Hmmmm......after an absence like this I don't know where to start..........so I'll start with the truth. I've undone some remodeling. I've gained 15 pounds. There, I said it........now I hope you will help me deal with it.
OK, so here's the deal - it's been a rough last 12 months. I could list lots of reasons that the last 12 months of my life we stressful and difficult and emotionally exhausting and blah blah blah. Here's the bottom line truth I've come to accept though - there are consequences to disobedience. Duh, right? I teach my kids that on a daily basis. So why is that a lesson I'm still learning?
About a year ago I spent some serious prayer time beseeching God for an answer to a pretty specific question. I felt very clearly that he gave me one. "No, don't do it." Guess what, I did it anyway. Doesn't really matter what "it" was, the point here is that I felt an answer in my spirit and allowed my flesh to act in opposition to that answer. So what were the consequences? The details don't matter, but there definitely was more stress in my life than there needed to be. And when I'm stressed............well, I eat. I feel like I deserve it. Like somehow it is a valid reward. I also realized part way through the year why I was so stressed out but there wasn't anything I could do about it. Then I felt guilty...........so I ate some more. Then I realized I was eating more than I should and that I wasn't making good choices...........which made me "feel bad about myself"..........so I ate some more. Gee, do you think perhaps I was listening to Satan's voice and not the Father's? I even said things to myself like "but look how big you were after Vivi, you're no where near that so it's OK." Um, no, not OK.

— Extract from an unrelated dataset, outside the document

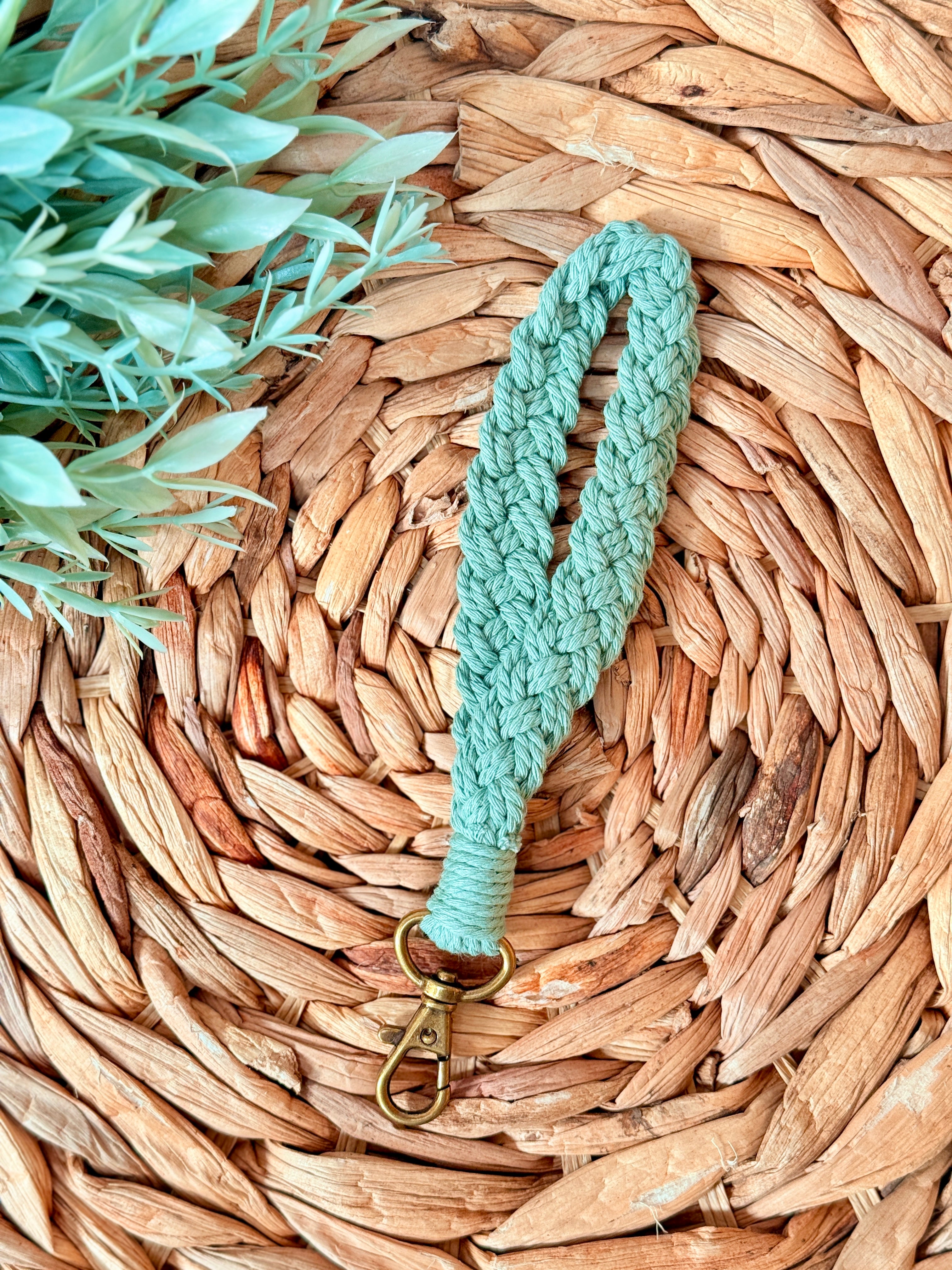 Keep your keys cute and easy to find with the Knotted Charm Keychain in soft sage green. Hand-woven in soft macramé cord, this textured keychain adds a boho touch to any bag or set of keys. Its sturdy clasp makes it practical for everyday use while the braided design brings effortless style to your daily essentials.

So, now what do I do? I can be a good wife, a good mom, and I can work in the gifts/ministry God has called me to. What does that look like? Well it starts with plate balancing - I'm in the process of removing all the activities that don't help me be a better wife, mom, writer, or teacher. I already have more peace having taken some of those steps. They have been well received by those they affect and I am thankful for their understanding and support.
I was recently convicted about this physical body yet again though. It is the vessel God gave me with which to accomplish all those things He calls me to do on this earth. I should be taking better care of it. So here I am, yet again needing to overhaul the temple - head to toe, mind to heart. I am no longer comparing myself to where I was 4 years ago. That battle is over. This is a different one. It may look the same on the outside, but I know that the terrain is different. This battle is one that I must rely on God to win because I so clearly can not do it in my own strength. Yes, I have new skills, weapons, perspectives, but so does Satan. So, I'm throwing down the gauntlet because my God deserves the best of what I have. I know when I'm giving Him my all He will fill me with strength and power I can't even comprehend. And I'm counting on that because it sure feels like Satan has outsmarted me for the past year.

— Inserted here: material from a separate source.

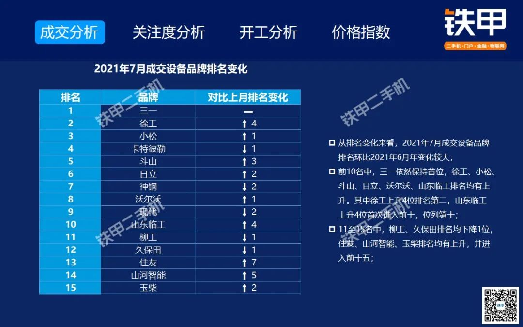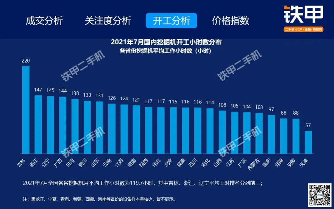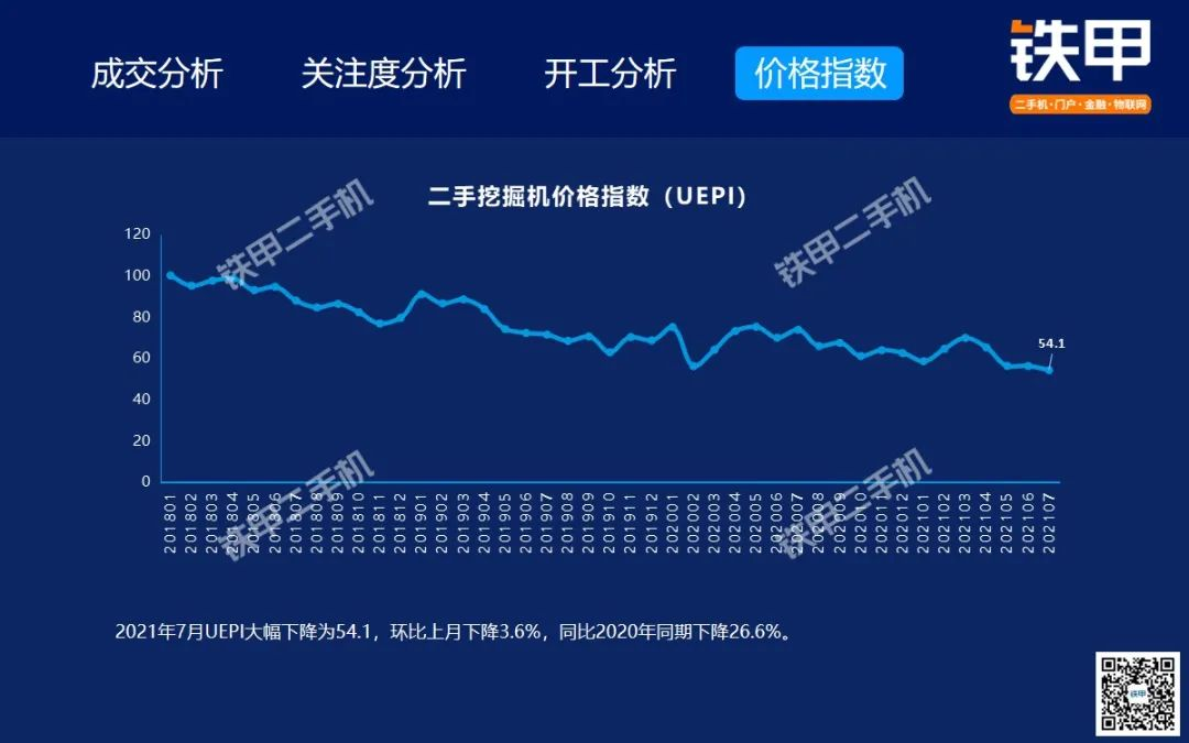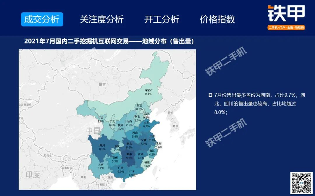 2021年7月全国挖机平均开工率88%,铁甲二手挖掘机互联网交易报告新鲜出炉!

I covet your prayers, your words of encouragement, your shared journey, even your admonishment. Please help keep me accountable. I intend to post at least weekly and update the sidebars under Progress Report. I am hungry for communication in this struggle - here, on FB, in person........I have felt very alone for the last year, but when I look around I see I am surrounded by people that I know will help me if I ask. So I'm asking.